## Supplied data
====
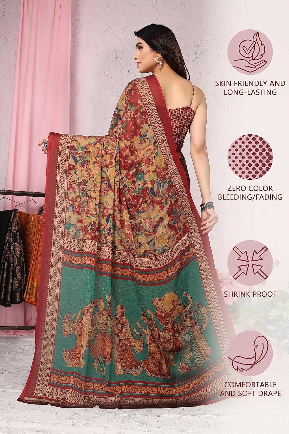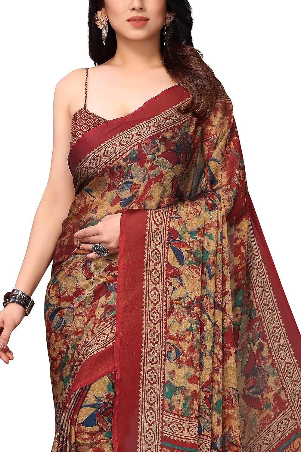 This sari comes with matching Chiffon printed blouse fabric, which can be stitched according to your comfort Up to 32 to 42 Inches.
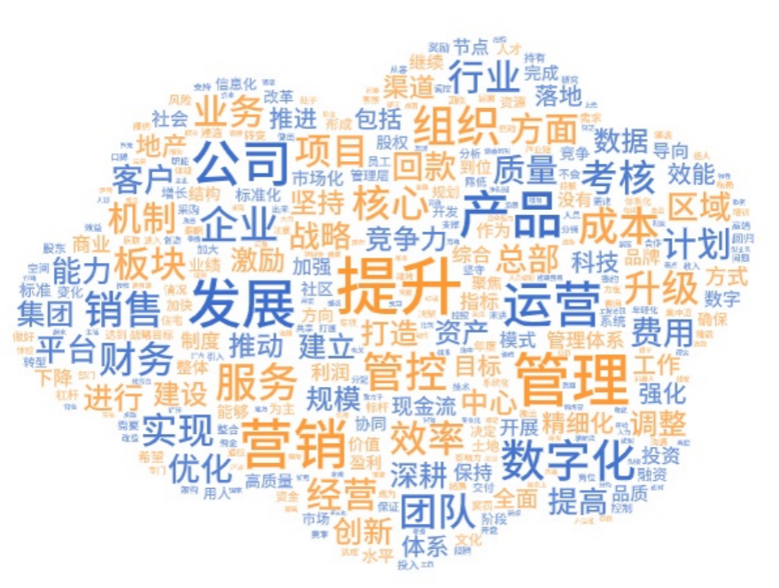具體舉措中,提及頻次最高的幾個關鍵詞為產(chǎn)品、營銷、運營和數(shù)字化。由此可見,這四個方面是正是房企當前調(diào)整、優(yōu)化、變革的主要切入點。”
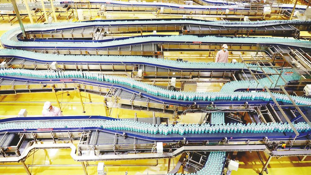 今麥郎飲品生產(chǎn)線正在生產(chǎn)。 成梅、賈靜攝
====
## What is needed
Copy everything in the listing above exactly except the pictures.

## Expected answer
 This sari comes with matching Chiffon printed blouse fabric, which can be stitched according to your comfort Up to 32 to 42 Inches.
具體舉措中,提及頻次最高的幾個關鍵詞為產(chǎn)品、營銷、運營和數(shù)字化。由此可見,這四個方面是正是房企當前調(diào)整、優(yōu)化、變革的主要切入點。”
 今麥郎飲品生產(chǎn)線正在生產(chǎn)。 成梅、賈靜攝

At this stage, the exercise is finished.